Ironically, despite the completely opposite intentions, the third album of this series, although wanting to continue the discourse started in 1997 with the vigorous electric jazz, revolving around sax and guitar, of "Roue Libre" and continued in '99 with the swirling winds and keyboards of "Extra-Lucide", ends up markedly diverging from its impetuous older siblings, offering sweet and velvety progressive jazz, with a calm and romantic personality and an enviable evocative power, which, without even trying, strongly recalls the enchanted atmospheres oozing from the splendid canvases of Master Bouguereau, who had passed exactly a century before the release of this "Soleil 12", live of class 2005 and predecessor of that "Axe du Fou", published this year, which continues to explore the extraordinary properties of the solo violin, albeit with an almost completely renewed lineup.
It is thus the bow of Frédéric Nore that, waved like a magic wand, opens a path through idyllic realities where the violin and winds describe fantastic flights above the clouds, dispelled by the sunny dances of Stanislas De Nussac's saxophone ("Soleil 12"), which, unfolding between laudatory soliloquies of keyboard, alto sax, and drums, invents enchanted scenographies in constant change, in which the whimsical and jovial sounds of the ensemble initially enjoy impersonating caressing and languid whispers, only to then transform into overwhelming assaults, emphasized by the relentless rhythm of Kengo Mochizuki's bass ("Pievre à la Pluie"). Keyboardist Igor Brover, for his part, lays melodic carpets of a candid sacred aura, on which gently rests the ever-present and elegant violin, which, in contact with the stormy drums of Patrick, begins to swirl vortex-like ("Éclipse"), leaving Denis Guivarch's alto sax and Sylvain Gontard's trumpet to play outdoors, picking daisies and exchanging garlands of flowers, always under the watchful eye of Sylvain Ducloux's gentle guitar arpeggios, who, when the time is right, decides to support his companions more energetically, reuniting them with the other instruments and carrying this mammoth composition (35 min.) to its intricate and iridescent conclusion ("Coup de Théâtre").
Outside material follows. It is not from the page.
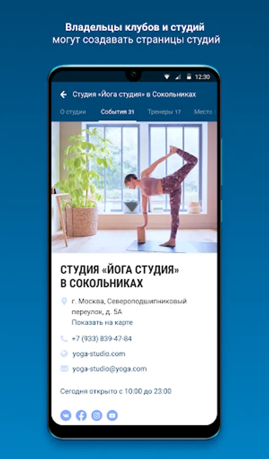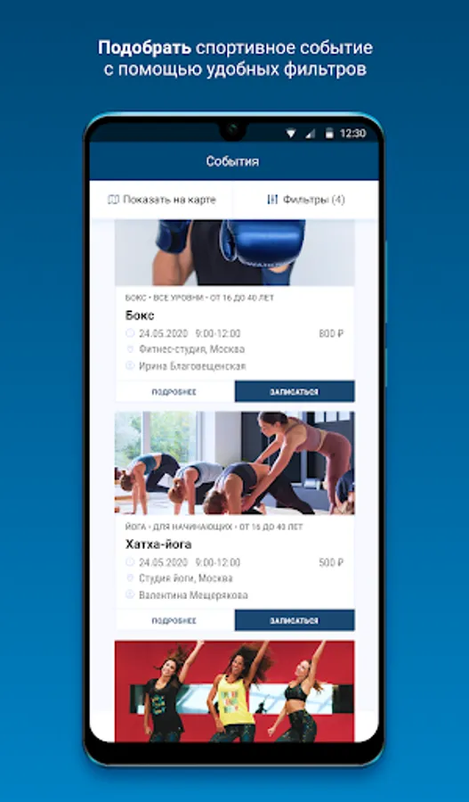 Start a healthy lifestyle and exercise with All Do Sport! Our application is what you need to quickly find interesting activities. Every day, you can practice different sports until you find one that you like. Choose a lesson near your home, work or in an unusual place, read more about the lesson, trainer and studio and sign up for it through All Do Sport. Add your workout to your calendar and come to the gym

Curiously, just as happened with the genius William, Patrick is still placed among the cornerstones of a genre that, in reality, only partially belongs to him, thus generating a certain confusion around the music proposed by his "Band Phenomena". The truth is that the Canterbury Sound of which he has been made an emblem and which even earned him the unjustifiably exaggerated nickname of "the French Robert Wyatt", influences his compositions to a rather modest extent, if not perhaps for the distant solo debut "Cocktail" of 1977, where the Wyattian echoes are essentially concentrated in a brazenly derivative vocal style, which nonetheless fails to elevate the work to the level of the major English figures, superior in every aspect and enriched by that irreproducible humor, characteristic of the charming inhabitants of the Kent lands.
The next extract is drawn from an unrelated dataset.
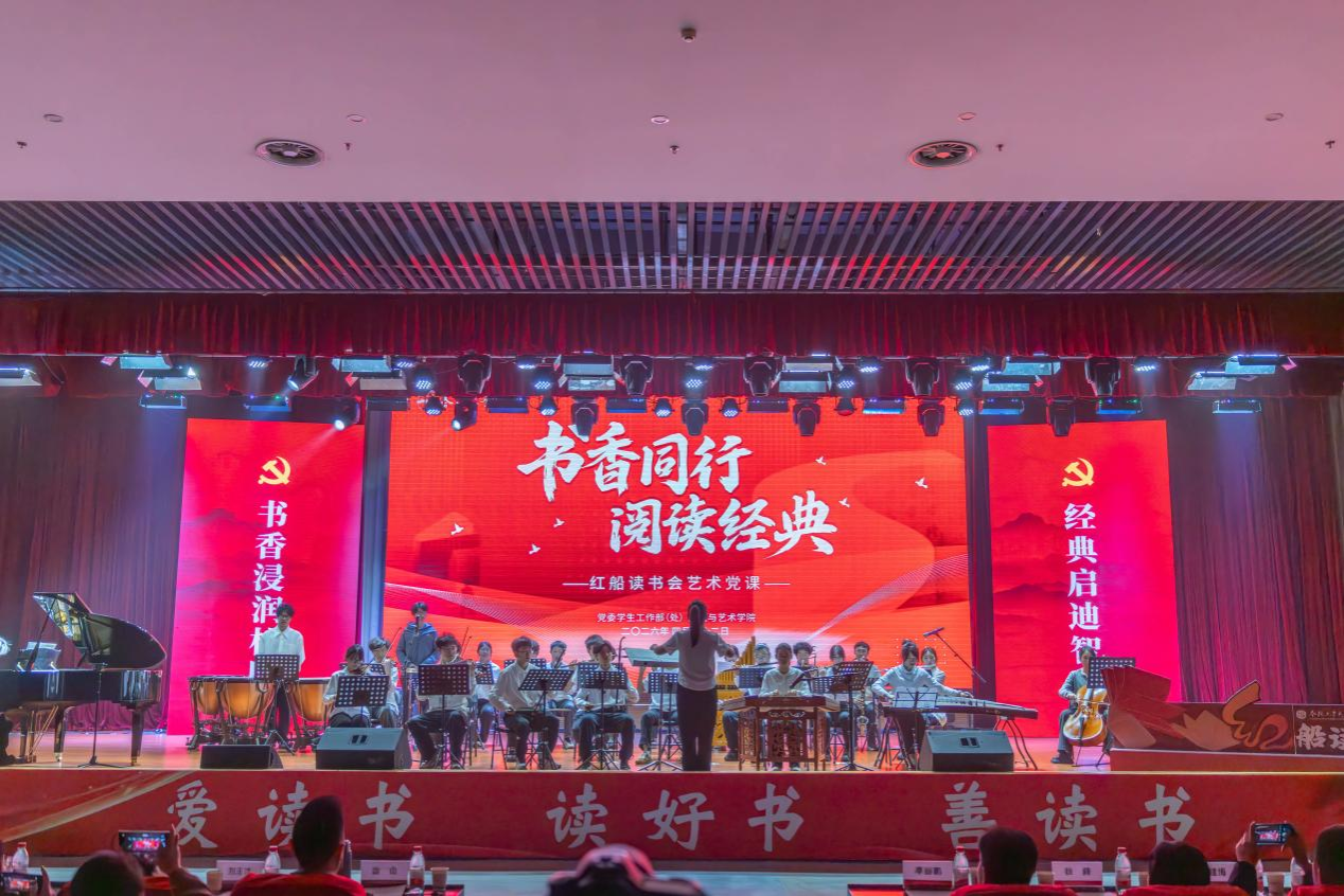 本次红船读书会艺术党课由党委学生工作部(处)主办、建筑与艺术学院承办,特邀安徽艺术学院参演。活动以阅读为纽带、以艺术为载体,将全民阅读与思政教育有机融合,有效丰富书香校园建设内涵,厚植青年学子家国情怀。

Therefore, if it is true that, as Bouguereau used to tell his students, "one must always seek beauty and truth...", I believe it is advisable to leave behind the not too convincing solo career of a drummer recently emigrated to the rhythmically poor territories of ambient ("Synchronicité", 2002) and instead focus on the extremely more personal, refreshing and engaging jazz prog of his band, which, since its inception, has been producing brilliant performances, each better than the last.